I'm not holding my breath here. Regulatory capture is a thing. OTOH, Trump's undiplomatic approach to the EU may wind up costing Meta. We'll see.

  • > If any person on the inside stands against that, they won't stand long. Investors, executives whose pay depend on it, etc. will make sure of that.

    Not in my experience. Even investors are people too ( or the investment companies reflect the values of the people running it ).

    Sure there are people who believe the only role of a company is to make money ( eg Milton Friedman ). However that's an opinion - not a fact.

    Other people have different views and run their companies, or place their investments, accordingly.
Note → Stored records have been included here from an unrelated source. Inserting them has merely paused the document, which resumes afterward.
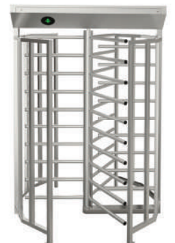
MAX Turnstile Gate System
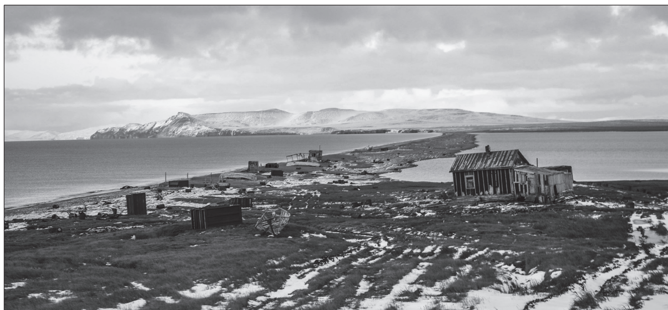
Figure 5. The settlement of Dezhnevo, on the northeastern coast, abandoned in 1951.
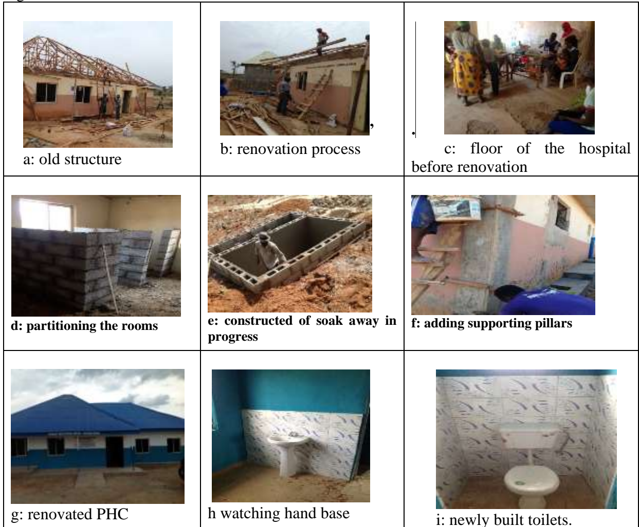
Fig4a- 4l: Renovation/Reconstruction of Kuchiko PHC

In collaboration with World Bank Staff, the FY2020 Community Connection Campaign we Renovated/Reconstructed Kuchiko PHC in of Bwari Area Council, Abuja. We drilled a borehole, installed Solar Light and purchased Generator for the PHC (Please, see figs: 4a –l). In addition, CHEDI donated Hospital Bedsheets and pillows for the facility.
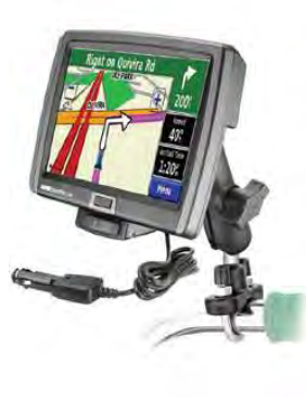
RAM-B-149Z-G3U RAM MOUNT WITH U-BOLT FOR THE GARMIN 7200
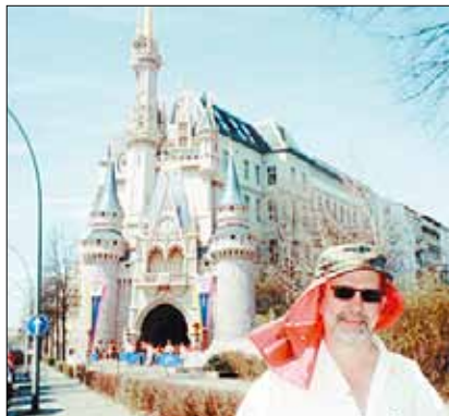
New front after rebuilding
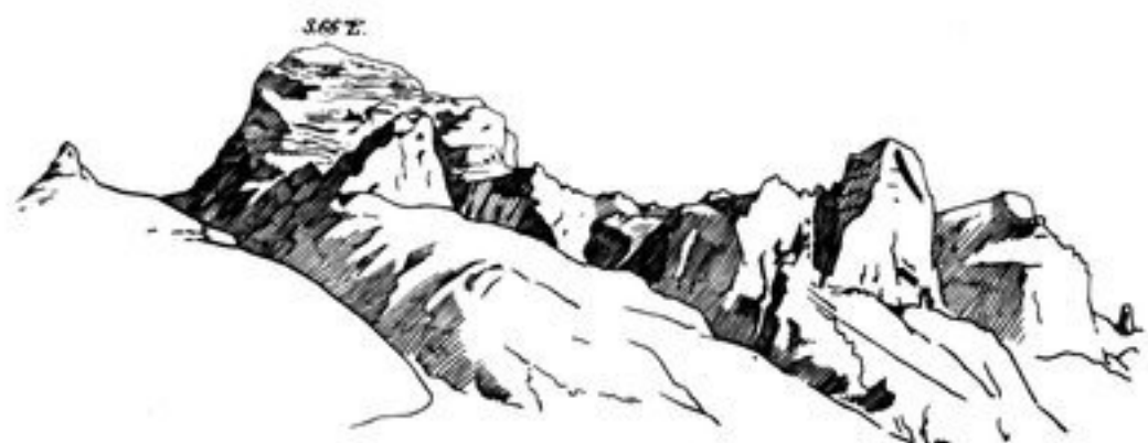
319. KAILAS FROM THE VALLEY N 66° W OF THE TOP, SEPT. 3, 1907 (PL. 12).
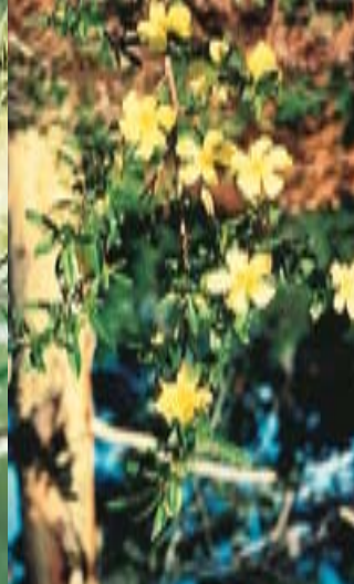
Right Hibbertia sp. Centre right Western pigmy possum ( Cercartetus concinnus ). Far right Donnelly River.

Park visitors can experience the coast by conventional vehicle on sealed roads but those in four-wheel drives can explore further. D'Entrecasteaux is a special place with many secrets to discover and enjoy.
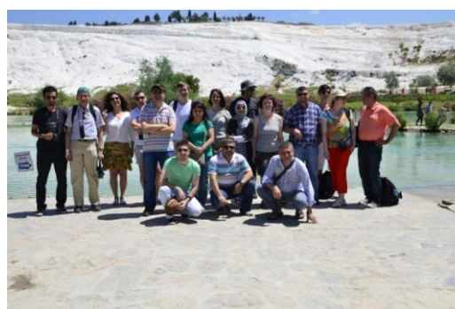
Trip to Pamukkale
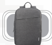
Lenovo 15.6" Laptop Casual Backpack B210
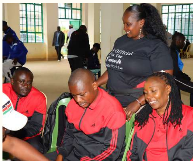
Our Skilled Ajua Team
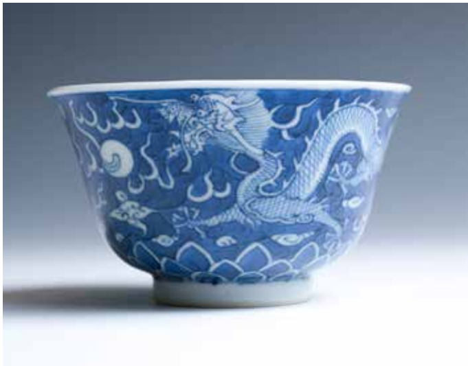
017 青花龙纹小碗 《大清光绪年制》款

Finely potted with deep rounded sides, outcurving at the flared rim, decorated with dragon playing ball, supported on a short straight foot, six-character 'Da Qing Guang Xu' seal mark on the bottom. H:6.5cm Diam:10.5cm
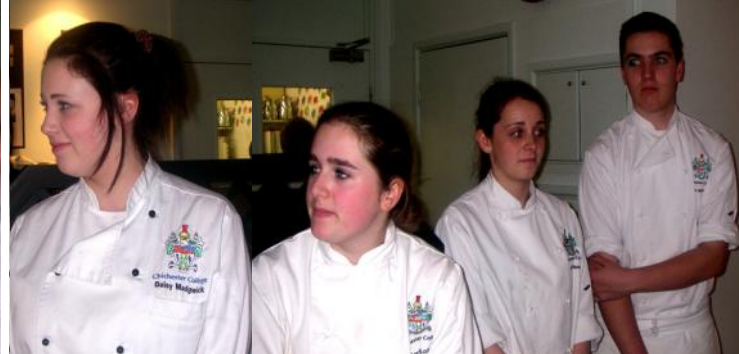
The aspiring student chefs accepted our invitation to 'make an appearance' with the 'front of house' students in the Goodwood Restaurant (see page 4 for more photographs and article)
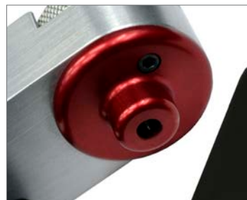
Recessed steel blade makes tool safe to carry & store.
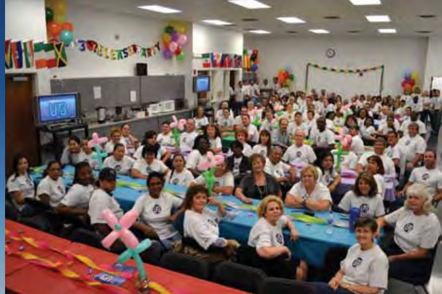
Senninger hosts UP3 product release party for employees. Without each of them this would not be possible.

Senninger brings you our UP3 (Universal Pivot Products Platform). The new features of this design have been applied to the proven technologies of the i-Wob, Xi-Wob, LDN, and soon the Super Spray. This new nozzle concept will provide the mechanized irrigation market with tremendous benefits in applications of water and system operation.
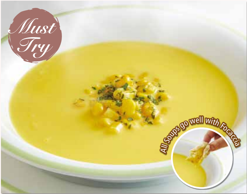
CORN CREAM SOUP 玉米奶油浓汤 Creamy Soup made with Corn
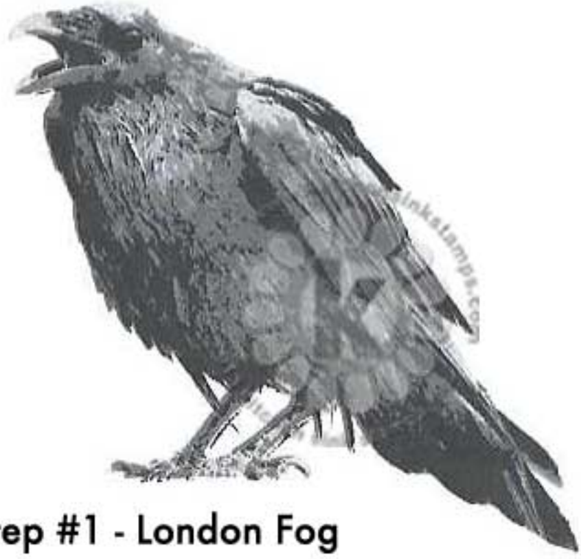
Step #1 - London Fog
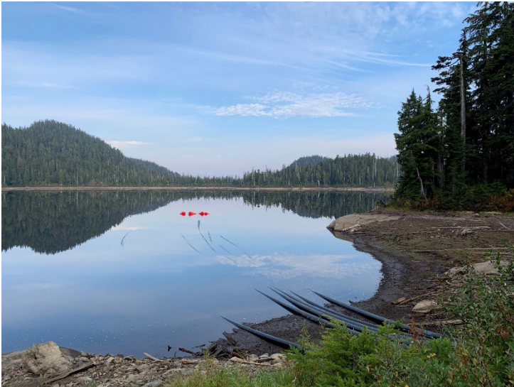
Edwards Lake, October 7
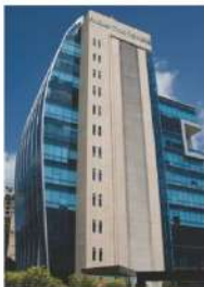
PARAS TWIN TOWERS Delivered
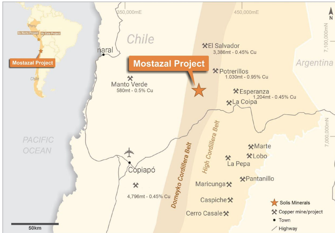
Figure 4: Mostazal Copper Project location
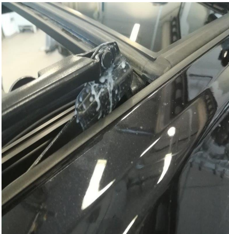
Figure 8. The bracket after lubrication.
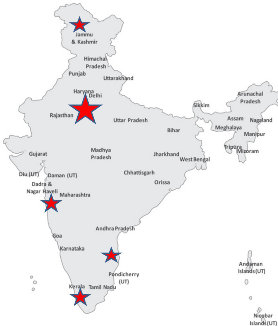
Figure 3. Geographical distribution of the cohorts from the selected studies. The size of the stars are proportional to the size of the study cohort.

All 13 FEOTN publications reported data on BRCA1 and/or BRCA2 and only three studies tested for other susceptibility genes such as TP53, RAD50, RAD52, ATM, and CHEK2, with mutations in these found very rarely if at all. We therefore limited our analysis to BRCA1 and BRCA2 genes. Twelve studies reported previously
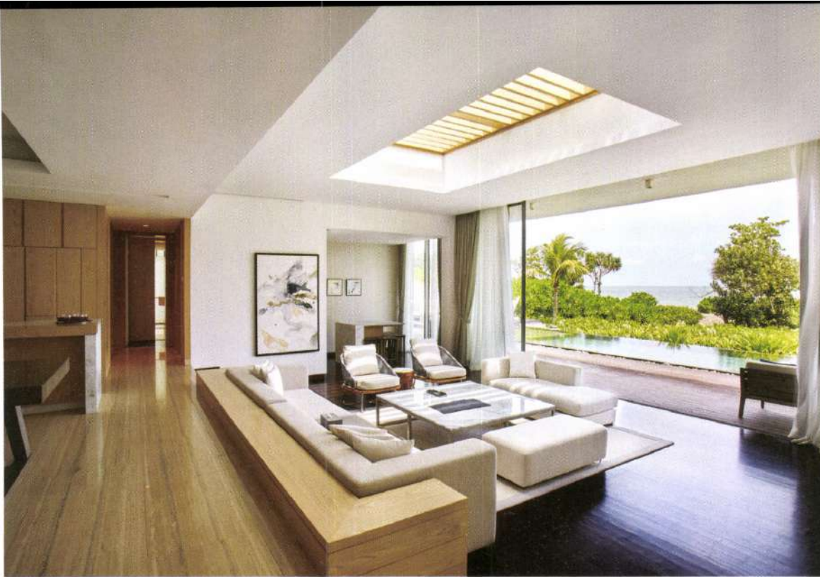
Natural light fills the entirety of the elegant villas

To have a home with a swimming pool is already a great luxury, but a life lived by the sea—that is a higher plane altogether.
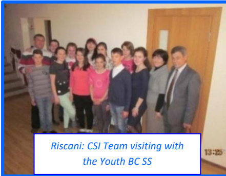
Riscani: CSI Team visiting with the Youth BCSS
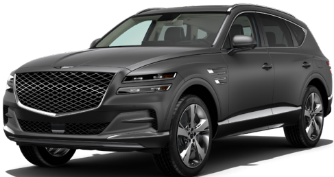
MAKALU GRAY MATTE
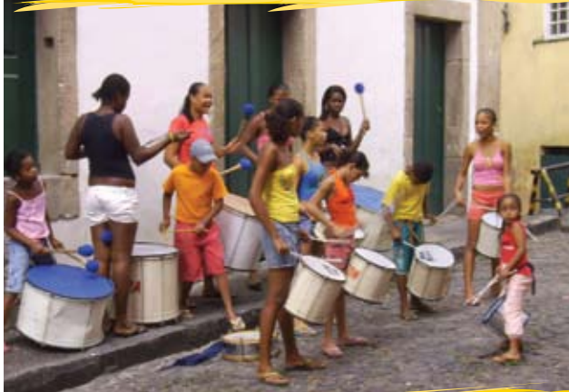
DRUMMERS IN BAHIA
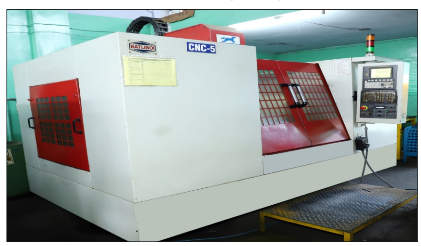
BATLIBOI CHETAK 100 MC (01 NOS)
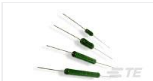
TE Part #1623773-2 C10 150R 5% (LOOSE)
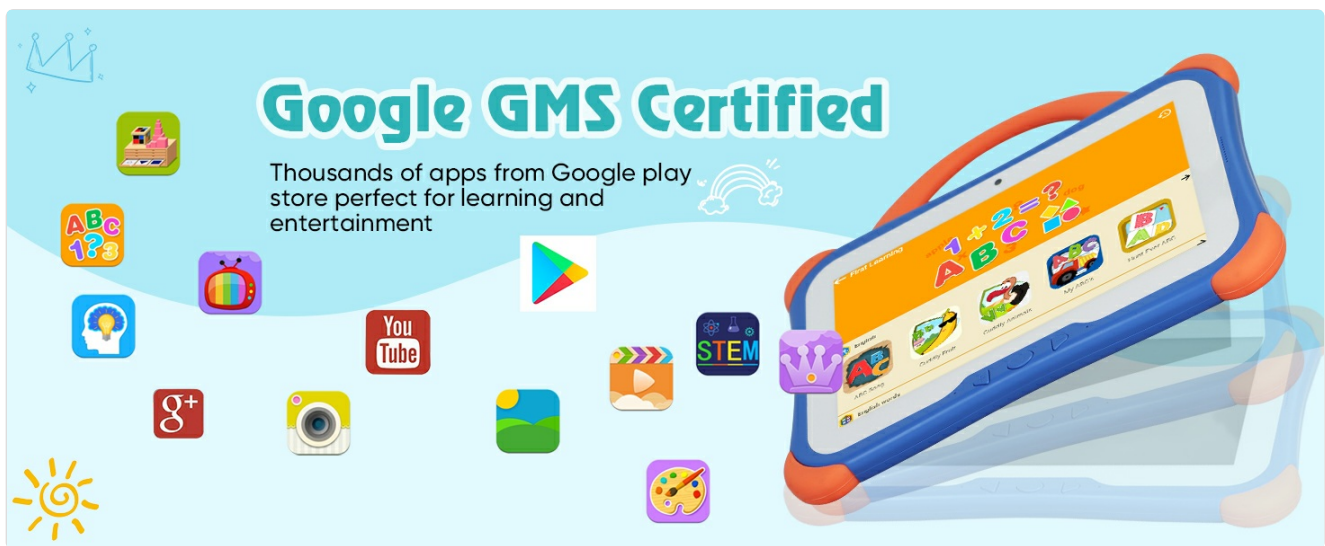
Image: Displaying Google GMS Certification, ensuring access to a wide range of apps from the Google Play Store for learning and entertainment.
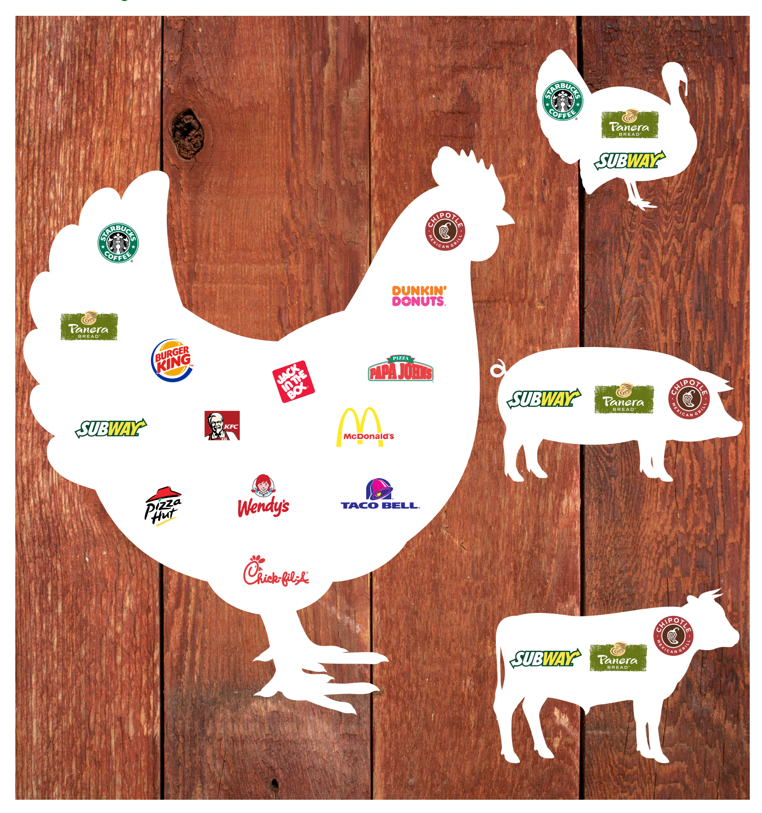
Fourteen of the top 25 restaurant chains have taken action to end routine use of medically important antibiotics in at least some of their chicken supply. But there has been much less progress in turkey, pork and beef.
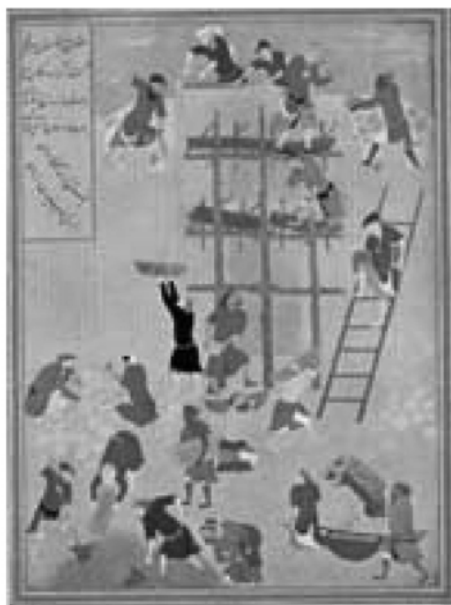
Figure 9 The Construction of the Palace Khovarnaq by Bihzad, from Khamsah of Nizami, 1494 A.D.; 20 x 14cm. BL, Or 6810. By Permission of the British Library (E. Bahari).
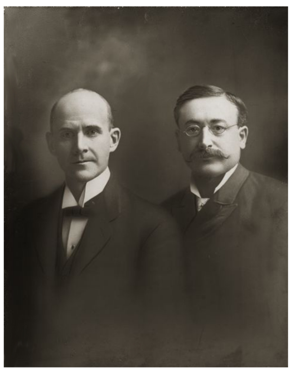
Debs and Victor Berger in 1897. Debs tended to hover above intraparty disputes, much preferring speaking tours to factional fighting. But no one doubted where he stood on key questions. In 1905, he cofounded the Industrial Workers of the World (IWW), a radical alternative to the "labor-dividing and corruption breeding craft unions."

While he stepped away from the IWW before the decade's conclusion — thinking its focus on direct action at the workplace was crowding out political action — Debs never second-guessed its basic principles. Any effort in the political arena that failed to forge the working class into a fighting force — or elevated professional and affluent classes above workers as the catalyst of social transformation — was unworthy of the Socialist Party. Nationalization, for instance, was desirable only if it gave workers more control over the economy. Similarly, a party without a strong working-class foundation would become indistinguishable from middle-class reformism, averse to attacking the roots of tyranny and oppression in society.
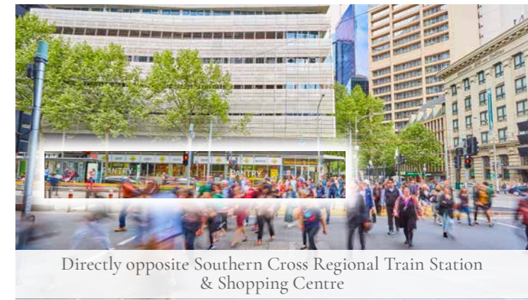
Directly opposite Southern Cross Regional Train Station & Shopping Centre
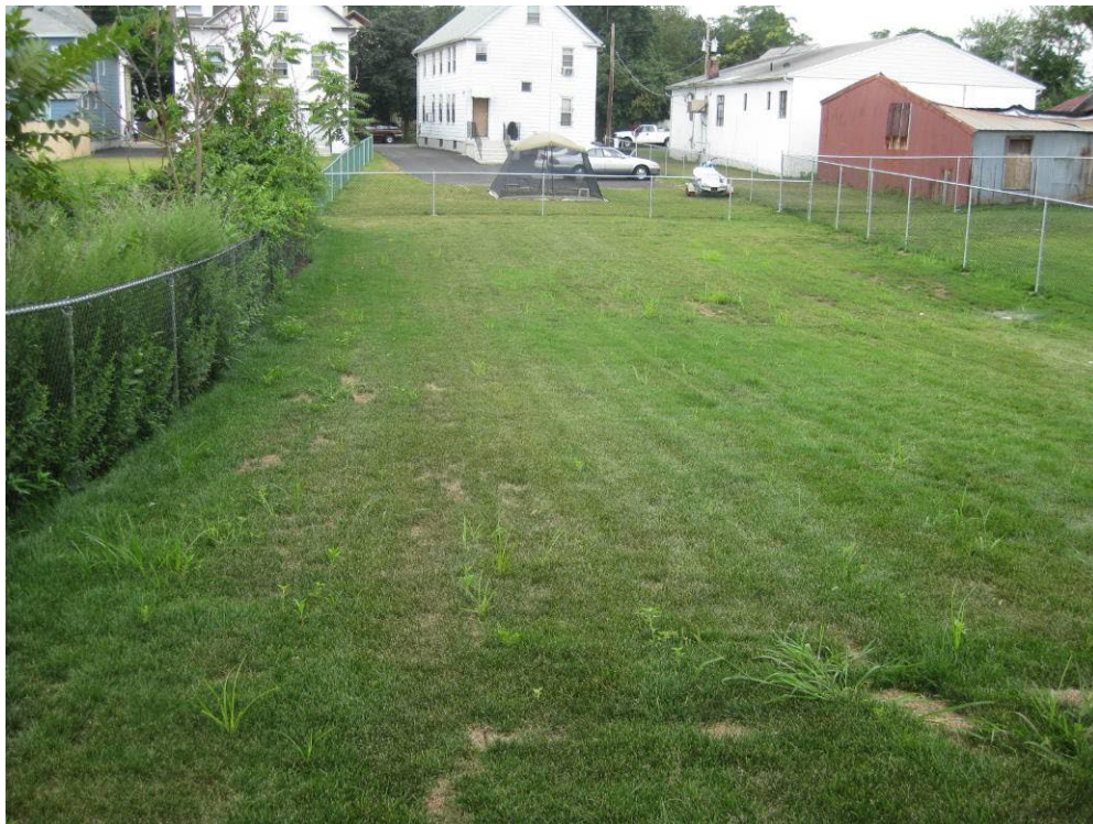
View looking West at restored yard
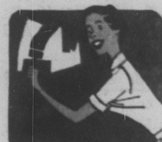
C. P. WELTY CO. Phone ORange 5-2331 FIFTH AVE., PATTON

The paint colors you've dreamed about come to life in the Dutch Boy Color Gallery - over 100 of the smartest decorator tones, plus suggested combinations and accents. Pick your own favorites in rich, handsome Dutch Boy Enamels, flat or gloss. It's so easy. why put it off any longer? You can have bright new rooms for old when you do your color scheming at the Dutch Boy Color Gallery.
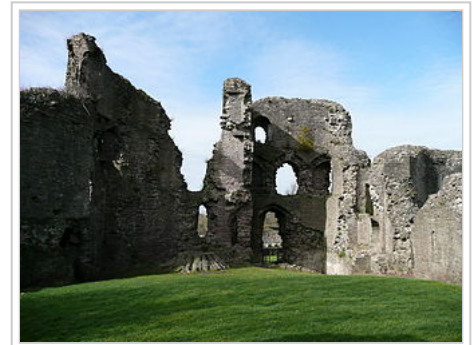
Abergavenny Castle in Monmouthshire, Wales, was one of the castles Bertha of Hereford brought to her husband William de Braose, 3rd Lord of Bramber
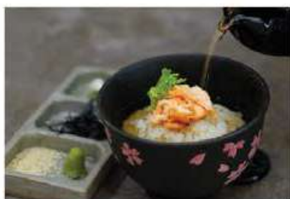
鮭茶漬 Shake Chazuke
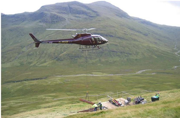
On site at Cononish in Scotland's Loch Lomond and Trossachs National Park

The bankable feasibility for Cononish was released this week, outlining a modest 23,000 ounce per annum gold-equivalent underground operation with an eight-year mine life. The cost to construct the 72,000 tonne per annum mine is estimated at £18.5 million (US$28.9 million) with the average life-of-mine grade of 11.8 grams per tonne keeping operating costs down to an industry low US$523/oz and all-in-sustaining-costs to $729/oz.

    Even if you believe all that matters is the bottom line - you still might take the view that doing reputational damaging stuff like this is bad for the long term bottom line.

    That's not to say that I don't agree with you that companies will face pressure over the bottom line, and outside regulation is absolutely important. However you should realise that part of running a large public company is aligning your investors to how you want to operate. If you want to take a long term ethical stand then you attract those type of investors and try and get rid of the short term money men.

    Like, attracts like.

  • >This is why regulations and regulators with teeth are vital in a capitalist system.

    Why do you separate regulators from describing incentive system? The incentive system is also woven into them, and if anything, the incentives for regulators go in a much more sinister direction than for any capitalist company.

    Profit-seeking companies are forced to satisfy customers that have their economic freedom. But what about regulators? Their primary incentive is to remain in a position of power, their primary tool for achieving their goals is forcing.

    The economic freedom of all agents is a powerful disincentive. And even with it, we see abuses by capitalist companies. But what about regulators, whose disincentives are much weaker, and whose main tool, moreover, allows them to destroy even this weak disincentives? Fixing capitalism's incentives with regulators is like curing a cold with cancer.